▸ Task objective
A faithful transcript of every entry is required; pictures do not belong in it.

--- Exercise material Enclosed Below ---

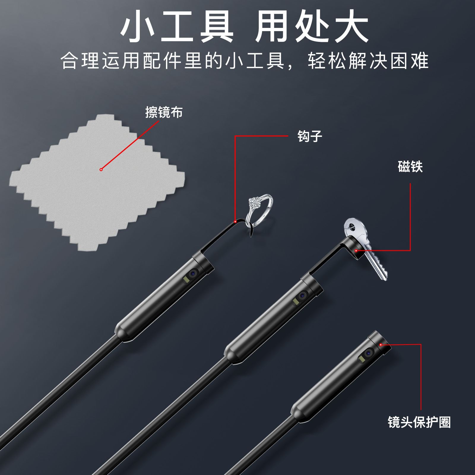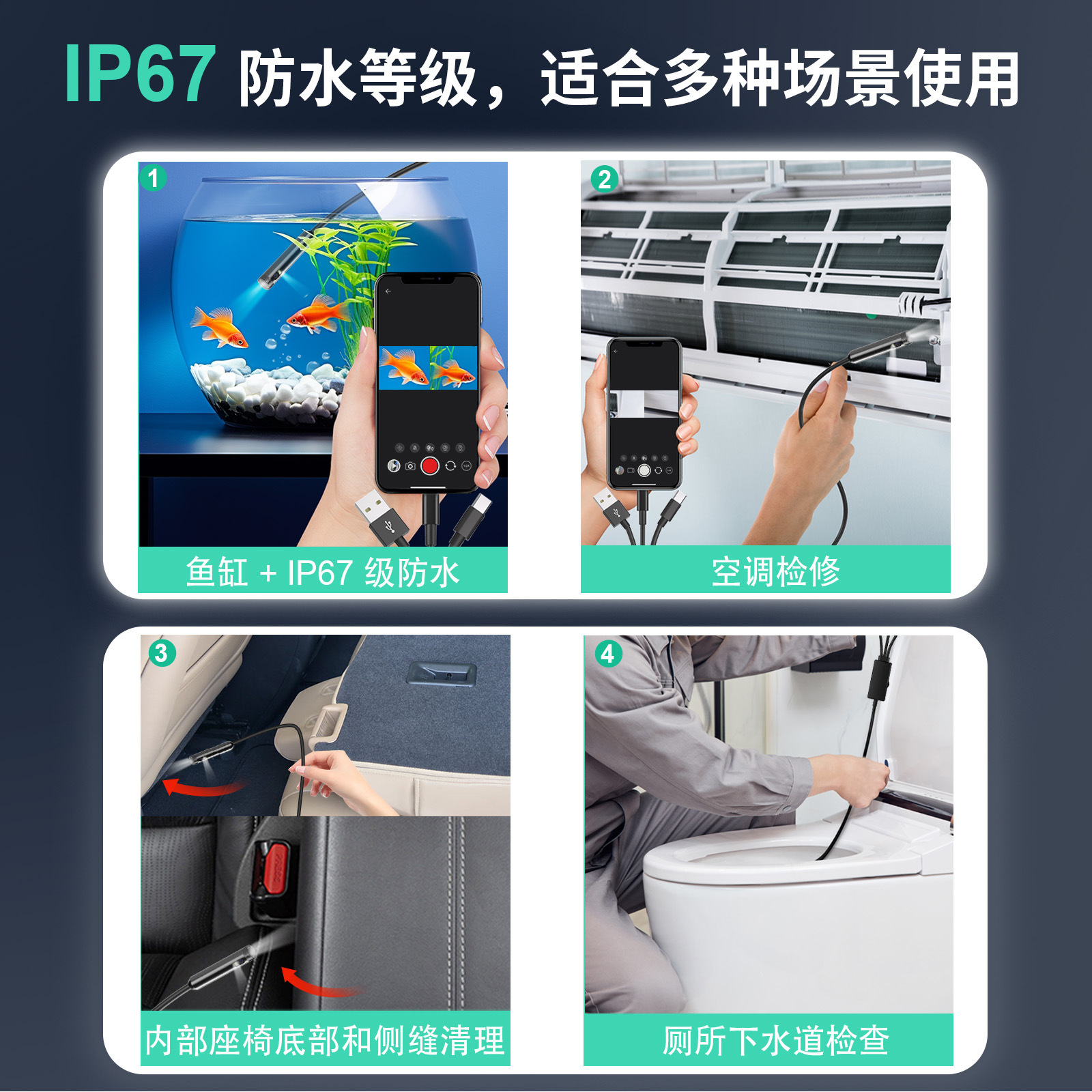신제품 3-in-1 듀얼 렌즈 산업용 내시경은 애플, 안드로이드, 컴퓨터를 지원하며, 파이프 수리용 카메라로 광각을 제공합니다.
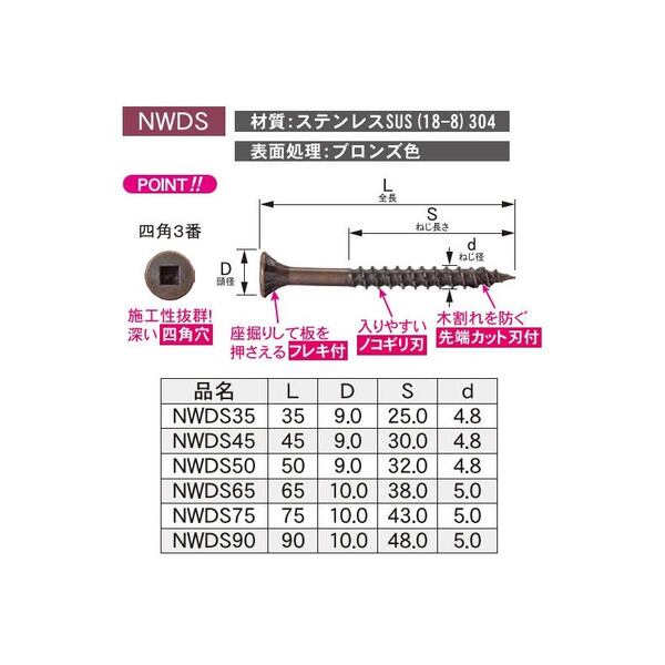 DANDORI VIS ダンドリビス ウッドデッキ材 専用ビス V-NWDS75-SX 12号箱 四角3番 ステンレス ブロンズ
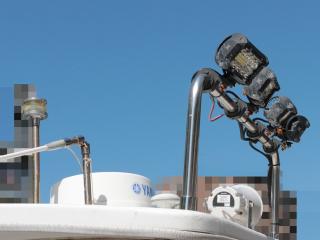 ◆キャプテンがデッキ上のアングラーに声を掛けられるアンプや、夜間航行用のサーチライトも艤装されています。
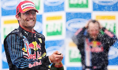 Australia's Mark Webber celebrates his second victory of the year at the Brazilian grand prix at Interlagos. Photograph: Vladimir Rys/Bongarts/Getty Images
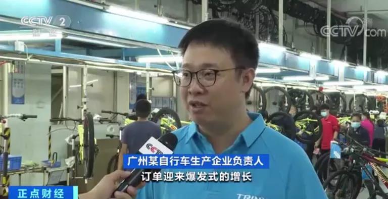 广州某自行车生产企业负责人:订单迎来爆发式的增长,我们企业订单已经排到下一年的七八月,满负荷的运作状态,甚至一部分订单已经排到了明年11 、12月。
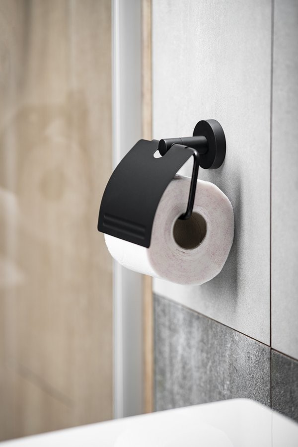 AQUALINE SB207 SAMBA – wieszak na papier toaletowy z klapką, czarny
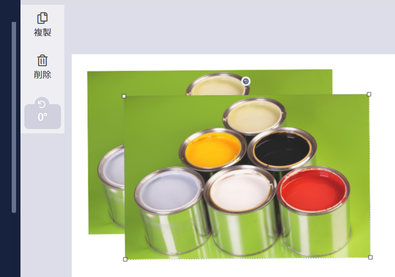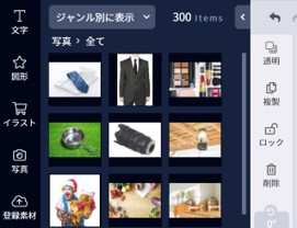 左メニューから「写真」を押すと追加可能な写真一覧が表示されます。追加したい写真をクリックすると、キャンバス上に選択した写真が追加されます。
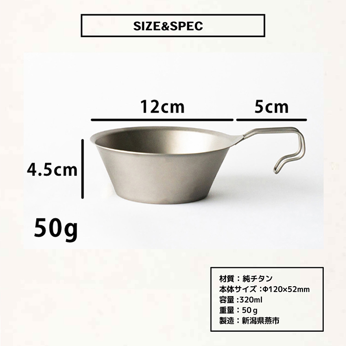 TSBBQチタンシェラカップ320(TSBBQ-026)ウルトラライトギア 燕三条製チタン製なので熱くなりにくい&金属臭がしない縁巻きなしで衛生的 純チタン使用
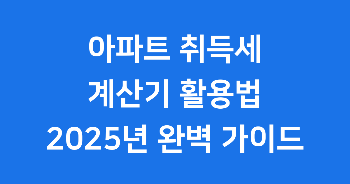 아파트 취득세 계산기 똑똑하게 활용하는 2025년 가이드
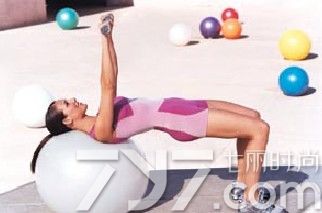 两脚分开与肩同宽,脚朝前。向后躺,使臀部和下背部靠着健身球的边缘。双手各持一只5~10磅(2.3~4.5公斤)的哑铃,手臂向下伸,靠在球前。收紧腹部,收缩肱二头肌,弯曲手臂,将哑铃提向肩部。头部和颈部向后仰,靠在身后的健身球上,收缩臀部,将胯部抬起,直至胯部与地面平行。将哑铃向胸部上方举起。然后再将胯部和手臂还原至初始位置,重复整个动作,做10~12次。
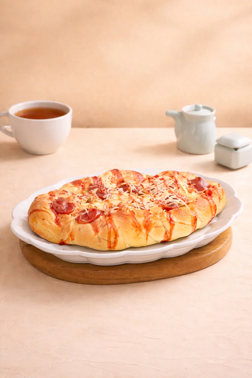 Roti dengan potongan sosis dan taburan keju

--- End of Enclosed Exercise material ---

▸ Expected answer
신제품 3-in-1 듀얼 렌즈 산업용 내시경은 애플, 안드로이드, 컴퓨터를 지원하며, 파이프 수리용 카메라로 광각을 제공합니다.
 DANDORI VIS ダンドリビス ウッドデッキ材 専用ビス V-NWDS75-SX 12号箱 四角3番 ステンレス ブロンズ
 ◆キャプテンがデッキ上のアングラーに声を掛けられるアンプや、夜間航行用のサーチライトも艤装されています。
 Australia's Mark Webber celebrates his second victory of the year at the Brazilian grand prix at Interlagos. Photograph: Vladimir Rys/Bongarts/Getty Images
 广州某自行车生产企业负责人:订单迎来爆发式的增长,我们企业订单已经排到下一年的七八月,满负荷的运作状态,甚至一部分订单已经排到了明年11 、12月。
 AQUALINE SB207 SAMBA – wieszak na papier toaletowy z klapką, czarny
 左メニューから「写真」を押すと追加可能な写真一覧が表示されます。追加したい写真をクリックすると、キャンバス上に選択した写真が追加されます。
 TSBBQチタンシェラカップ320(TSBBQ-026)ウルトラライトギア 燕三条製チタン製なので熱くなりにくい&金属臭がしない縁巻きなしで衛生的 純チタン使用
 아파트 취득세 계산기 똑똑하게 활용하는 2025년 가이드
 两脚分开与肩同宽,脚朝前。向后躺,使臀部和下背部靠着健身球的边缘。双手各持一只5~10磅(2.3~4.5公斤)的哑铃,手臂向下伸,靠在球前。收紧腹部,收缩肱二头肌,弯曲手臂,将哑铃提向肩部。头部和颈部向后仰,靠在身后的健身球上,收缩臀部,将胯部抬起,直至胯部与地面平行。将哑铃向胸部上方举起。然后再将胯部和手臂还原至初始位置,重复整个动作,做10~12次。
 Roti dengan potongan sosis dan taburan keju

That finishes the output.